In stage I, the average product reaches the maximum and equals the marginal product when 4 workers are employed, as shown in Table 1. This stage is portrayed in the figure from the origin to point E where the MP and AP curves meet.

In this stage, the TP curve also increases rapidly. Thus this stage relates to increasing average returns. Here land is too much in relation to the workers employed. It is, therefore, uneconomical to cultivate land in this stage. 

The main reason for increasing returns in the first stage is that in the beginning the fixed factor is large in quantity than the variable factor. When more units of the variable factor are applied to a fixed factor, the fixed factor is used more intensively and production increases rapidly.

It can also be explained in another way. In the beginning the fixed factor cannot be put to the maximum use due to the non-applicability of sufficient units of the variable factor. But when units of the variable factor are applied in sufficient quantities, division of labour and specialization lead to per unit increase in production and the law of increasing returns operate.

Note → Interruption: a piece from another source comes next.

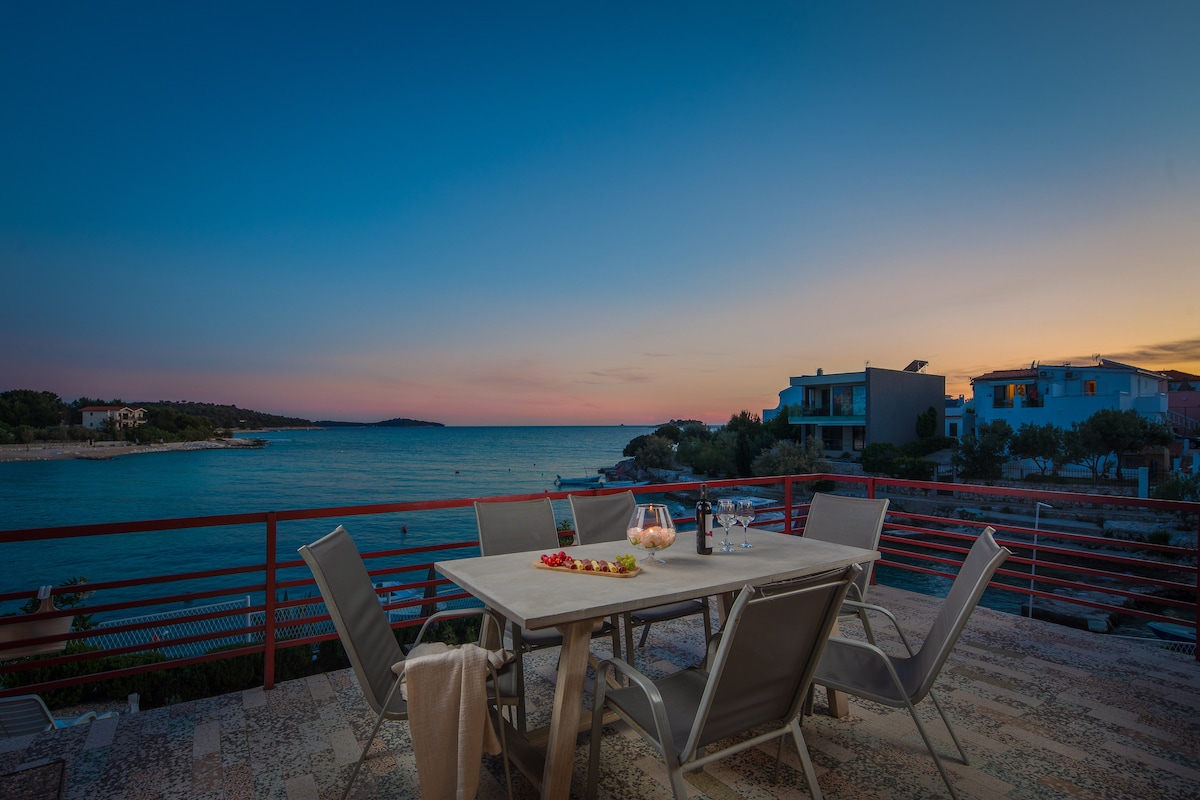 Beautiful completely renovated apartment on the first floor of family house situated on the beach front, surrounded by pines and overlooking the coast and the bay. The place consists of two bedrooms, bathroom, fully equipped kitchen, living & dining room. From the living room you come to the terrace with lounge and outdoor eating space, with retractable sunshades. The guests can use parking and outdoor BBQ in the garden. 5 to 10 minutes walk by the sea to the town center, 300m from market place.

Another reason for increasing returns is that the fixed factor is indivisible which means that it must be used in a fixed minimum size. When more units of the variable factor are applied on such a fixed factor, production increases more than proportionately. This cause points towards the law of increasing returns.

Units of Variable Factor and TP, AP, MP

Stage-II: Law of Diminishing Returns:

In between stages I and III is the most important stage of production that of diminishing returns. Stage II starts when the average product is at its maximum to the zero point of the marginal product. At the latter point, the total product is the highest.

Table 1 show this stage when the workers are increased from four to seven to cultivate the given land, in Figure 2 between EB and FC. Here land is scarce and is used intensively. More and more workers are employed in order to have larger output.

Thus the total product increases at a diminishing rate and the average and marginal products decline. Throughout this stage, the marginal product is below the average product. This is the only stage in which production is feasible and profitable.

Hence it is not correct to say that the law of variable proportions is another name for the law of diminishing returns. In fact, the law of diminishing returns is only one phase of the law of variable proportions.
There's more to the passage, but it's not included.